What is required:
Leave out the images and set down the records below exactly.

Dataset records:
◆ ◆ ◆ ◆ ◆ ◆ ◆
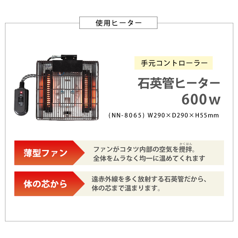 ■ハイパワーで素早く暖まる、600Wの石英管ヒーター付き
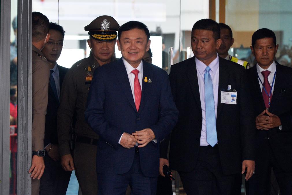 2023年8月22日,泰國(guó)前總理他信(中)抵達(dá)曼谷廊曼機(jī)場(chǎng)。新華社發(fā)(拉亨攝)
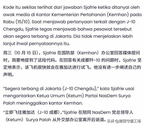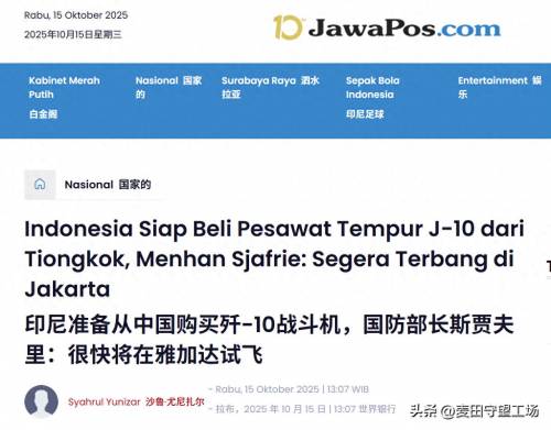 歼-10C战斗机自从印巴空战后,外销形势一片大好,最近又有一个新消息。根据印尼媒体《共和国报》等多家当地媒体报道称,印尼国防部长斯贾夫里·沙姆索丁确定采购中国歼-10战斗机。这是他在2025年10月15日,在国防部办公室回答记者的提问时公开确认的内容,他表示:歼-10战斗机“很快就会在雅加达试飞”。
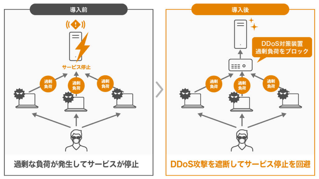 単一デバイスからのDoS攻撃のみならず、複数デバイスをボットネット化して同時攻撃を仕掛けるDDoS攻撃へ対応し、ビジネスの可用性を維持する技術です。トラフィックを常時監視して異常発生時は即座にフィルタリングを行い、ネットワーク帯域を埋め尽くす大規模攻撃からアプリ層(レイヤー7)への攻撃まで幅広く対応し、サービスの安定稼働を担保します。
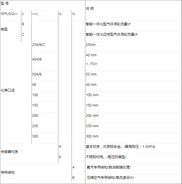 例:选用一台不锈钢材质,现场显示并输出4-20mA信号的气体涡轮流量计来测量氧气,用户测量范围为10-35m3/h,型号为: WPLWQ-C-40A/S/A
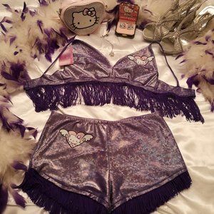 rare gorgeous custom fringe shorts and top cut from expensive quality hologram swimsuit fabric with winged hello kitty logo and crystal details they come with cute metal hello kitty necklace and crystal hello kitty earings so you will really sparkle! see my closet for tons more hello kitty custom treasures alsways open to offers and if you like more than one make a bundle offer!
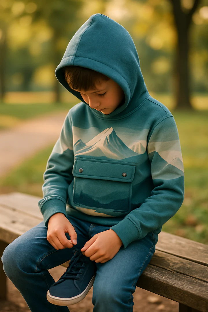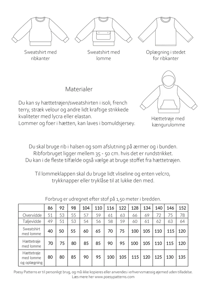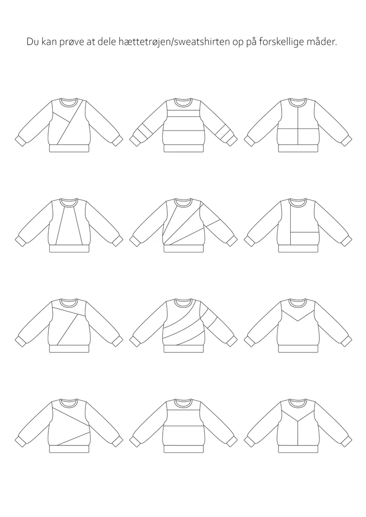 Hvis du har mange stofrester, kan du prøve at dele symønsteret op i forskellige felter og sy en hættetrøje/sweatshirt med dem.
◆ ◆ ◆ ◆ ◆ ◆ ◆
Answer for this exercise:
 ■ハイパワーで素早く暖まる、600Wの石英管ヒーター付き
 2023年8月22日,泰國(guó)前總理他信(中)抵達(dá)曼谷廊曼機(jī)場(chǎng)。新華社發(fā)(拉亨攝)
 歼-10C战斗机自从印巴空战后,外销形势一片大好,最近又有一个新消息。根据印尼媒体《共和国报》等多家当地媒体报道称,印尼国防部长斯贾夫里·沙姆索丁确定采购中国歼-10战斗机。这是他在2025年10月15日,在国防部办公室回答记者的提问时公开确认的内容,他表示:歼-10战斗机“很快就会在雅加达试飞”。
 単一デバイスからのDoS攻撃のみならず、複数デバイスをボットネット化して同時攻撃を仕掛けるDDoS攻撃へ対応し、ビジネスの可用性を維持する技術です。トラフィックを常時監視して異常発生時は即座にフィルタリングを行い、ネットワーク帯域を埋め尽くす大規模攻撃からアプリ層(レイヤー7)への攻撃まで幅広く対応し、サービスの安定稼働を担保します。
 例:选用一台不锈钢材质,现场显示并输出4-20mA信号的气体涡轮流量计来测量氧气,用户测量范围为10-35m3/h,型号为: WPLWQ-C-40A/S/A
 rare gorgeous custom fringe shorts and top cut from expensive quality hologram swimsuit fabric with winged hello kitty logo and crystal details they come with cute metal hello kitty necklace and crystal hello kitty earings so you will really sparkle! see my closet for tons more hello kitty custom treasures alsways open to offers and if you like more than one make a bundle offer!
 Hvis du har mange stofrester, kan du prøve at dele symønsteret op i forskellige felter og sy en hættetrøje/sweatshirt med dem.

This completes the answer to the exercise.